Top of RECORDS FOR PROCESSING
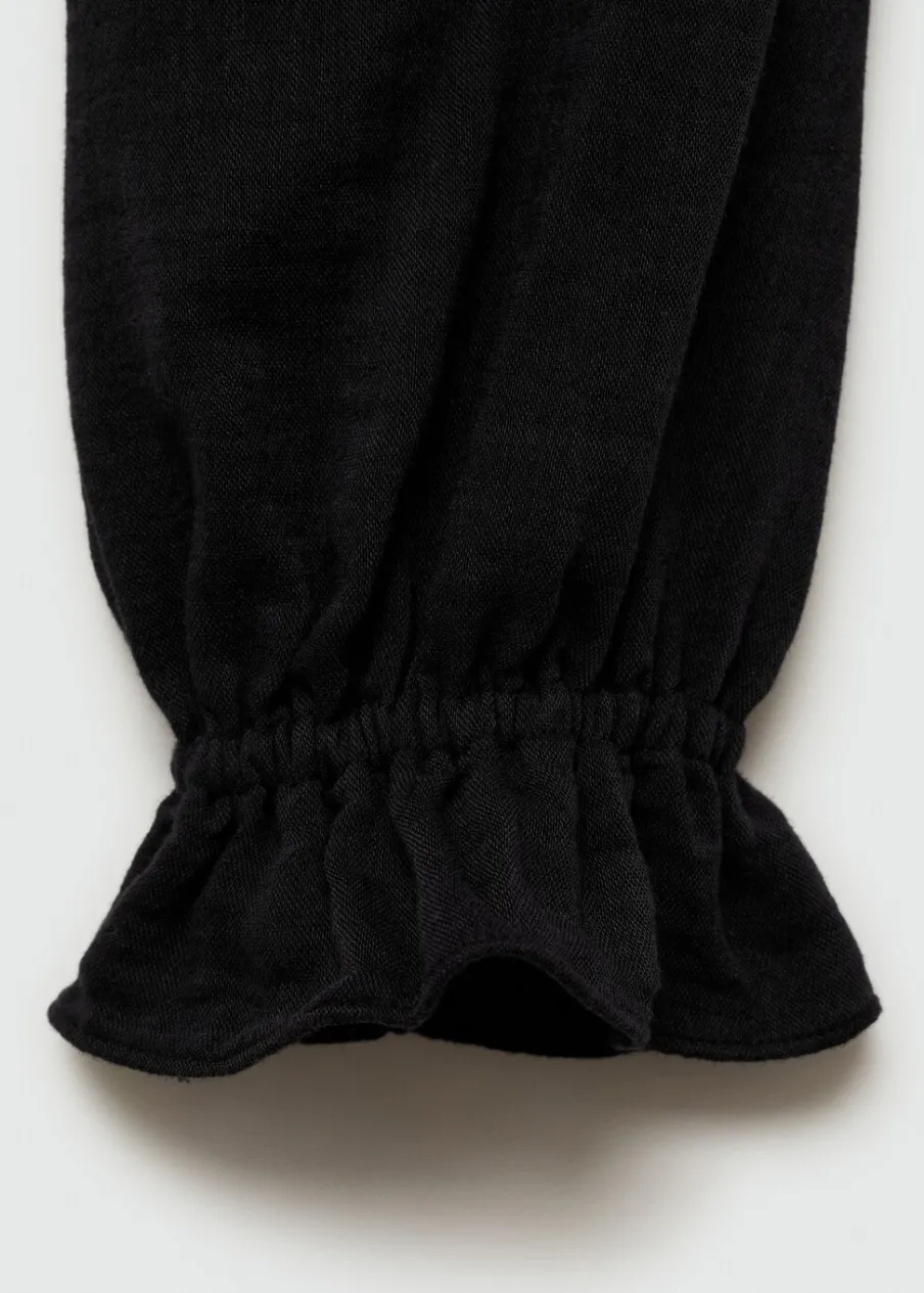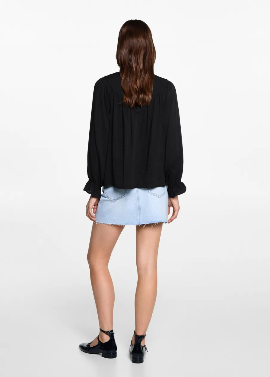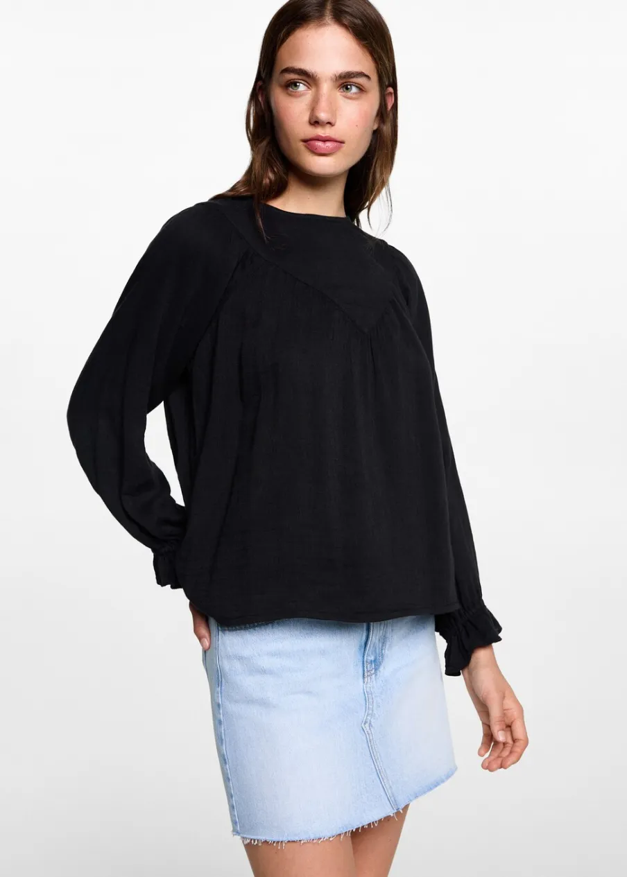 Tkanina z bawełną. Lejąca tkanina. Model prosty. Długi rękaw z elastycznymi mankietami. Marszczona tekstura. Okrągły dekolt. Zapięcie na guzik z tyłu.
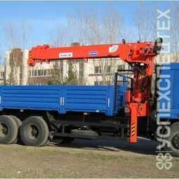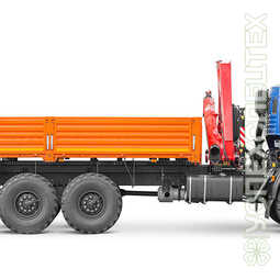 Крано-манипуляторная установка (КМУ) в транспортном положении занимает небольшое пространство между кабиной и грузовой платформой. Манипулятор оборудован компактной внешней стрелой, которая позволяет осуществлять подъем грузов под крюком на большую высоту и вертикально поднимать объемные грузы. Стандартный вариант управления манипулятором - рычагами с земли с двух сторон. -
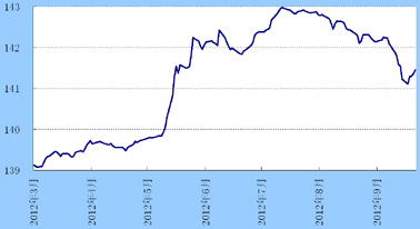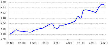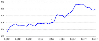 货币市场:由于国庆长假即将来临,市场流动性渐趋紧张,尽管央行净投放1010亿元人民币,7天质押式回购利率仍较前周上行107个基点至4.4277%
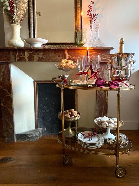 Desserte ancienne en laiton et verre fumé
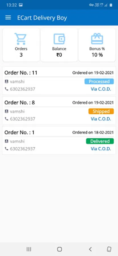 Delivery application is for the delivery boys to deliver the product to customer. Delivery boys will see the list of orders assigned by the admin. They pick up the package and order status is changed to processing. Delivery boys will see the orders list and navigate to customers location. Delivery boy will make the otp verification and deliver the package.
Bottom of RECORDS FOR PROCESSING
**WORK TASK**
Print the material above once more, exactly, minus the pictures.

**RESULT OF THE TASK**
 Tkanina z bawełną. Lejąca tkanina. Model prosty. Długi rękaw z elastycznymi mankietami. Marszczona tekstura. Okrągły dekolt. Zapięcie na guzik z tyłu.
 Крано-манипуляторная установка (КМУ) в транспортном положении занимает небольшое пространство между кабиной и грузовой платформой. Манипулятор оборудован компактной внешней стрелой, которая позволяет осуществлять подъем грузов под крюком на большую высоту и вертикально поднимать объемные грузы. Стандартный вариант управления манипулятором - рычагами с земли с двух сторон. -
 货币市场:由于国庆长假即将来临,市场流动性渐趋紧张,尽管央行净投放1010亿元人民币,7天质押式回购利率仍较前周上行107个基点至4.4277%
 Desserte ancienne en laiton et verre fumé
 Delivery application is for the delivery boys to deliver the product to customer. Delivery boys will see the list of orders assigned by the admin. They pick up the package and order status is changed to processing. Delivery boys will see the orders list and navigate to customers location. Delivery boy will make the otp verification and deliver the package.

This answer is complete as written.